Need some serious advice please ED related
Hey guys! First of all let me say thanks for taking a moment to click my post and see whats up..
Ok.. Here we go.(this post will have a lot of free association.)
I am 26 yo 6’4 200 lb I am a little over 6 inches and I’m about a silver dollar thick.. I don’t have my official measurements.. I do basic PE and pump as well but not often.
I don’t smoke cigs but I do some marijuana (legally of course) quite often. I exercise regularly and I eat pretty healthy. No red meat, balanced carbs, I drink at least 1 gallon of water a day and I don’t drink often.

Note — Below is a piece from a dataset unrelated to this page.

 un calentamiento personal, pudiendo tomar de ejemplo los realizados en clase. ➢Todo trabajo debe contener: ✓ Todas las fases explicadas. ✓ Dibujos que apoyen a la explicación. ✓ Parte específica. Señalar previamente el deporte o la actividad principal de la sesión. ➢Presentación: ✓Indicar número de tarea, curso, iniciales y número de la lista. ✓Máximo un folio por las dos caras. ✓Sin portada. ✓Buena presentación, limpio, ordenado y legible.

I consider myself a healthy person for the most part. So recently I have been having some serious ED issues. I want think its a mental thing because I am getting over serious relationship I just got out of and normally look at woman different, as in they can’t compare to my ex etc.. I have been with a few girls and with every single one I experience they same issue. I have ZERO erection.. I can’t get hard at all.. I try everything.. Even risky stuff like going raw because maybe its the “condom” but its me. :(
I have had some success but its always the second time ( if I even get one ) but its never fully there like it needs to be.. Its not important but to put it in perspective I’ve had some crazy and alluring situations occur of women I personally consider beautiful but for some reason its hard to have sex.
I believe I have Porn ED.. I masturbate alot. I can’t lie.. I am about 1 - 3 times a day but I used to be 4-5.. It was pretty bad. However I could get full erections.. And have intense orgasms. I knew it was an issue tho so I started to slow down.. I did it so much because I was lonely and did wanna be embarrassed anymore by getting a girl to bed and not closing the deal..

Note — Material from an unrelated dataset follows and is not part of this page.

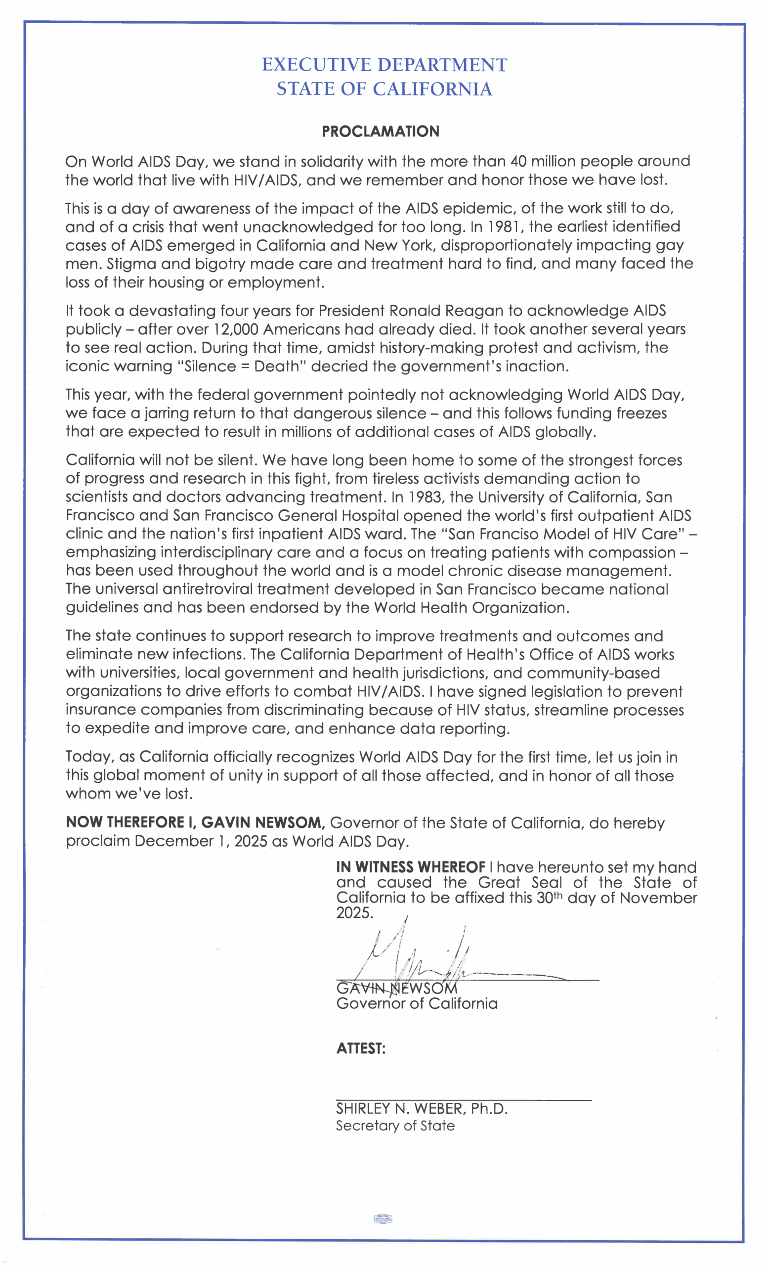 POR TANTO, YO, GAVIN NEWSOM, Gobernador del Estado de California, por la presente proclamo el 1 de diciembre de 2025 como Día Mundial del SIDA.

So recently.. I met this girl and she have brought my spirits up to say the least. Its like a dream come true.. She’s is my IDEAL chick.. She is making be forget my ex and feel strong feelings of compassion again.. Well after about 3 months it was time for intimacy.. I purposely took my time because I wanted to build a connection so I could feel comfortable and not have any ED issues. I also didnt watch porn, smoke or masturbate for about a week and a half.. So she comes to see me one weekend. I knew I was going to try to take it to the next level.. And we have a WONDERFUL day. I mean everything was perfect.. We basically fell in love.
At that point my confident was very high.. We get back to the room and start the “dance” per say.. And I knew immediately I wasn’t going to make it. I was trying to just focus and be calm and kiss her and touch her body.. She even gave me head.. Twice and nothing.. I was so embarrassed I was ready to just make something up and call it off.. HOWEVER she didnt even bring attn to it and still made me feel like a man and I love her for that! So I made sure I made her feel good in other ways.. That sufficed.
I want to make love to this woman and I’m a little worried about my unit.. I feel like next time will be different but I want to make sure. She went on a family trip for 3 weeks or so.. So I have some time to try to figure this out before round 2. She is telling me all these things she wants to do to me and I gotta “man up”.
I was thinking I need a detox or something.. I’m sure the smoking is affecting me on some levels.
So heres where I need help..
A) Do you have any experience with these issues and how did you fix it or at least “deal” with it..
B) What pill or supp do you guys suggest? I am thinking viagra but I don’t know..
C) Do you suggest I see a doctor? If so but what kind.. Urologist? Psychologist?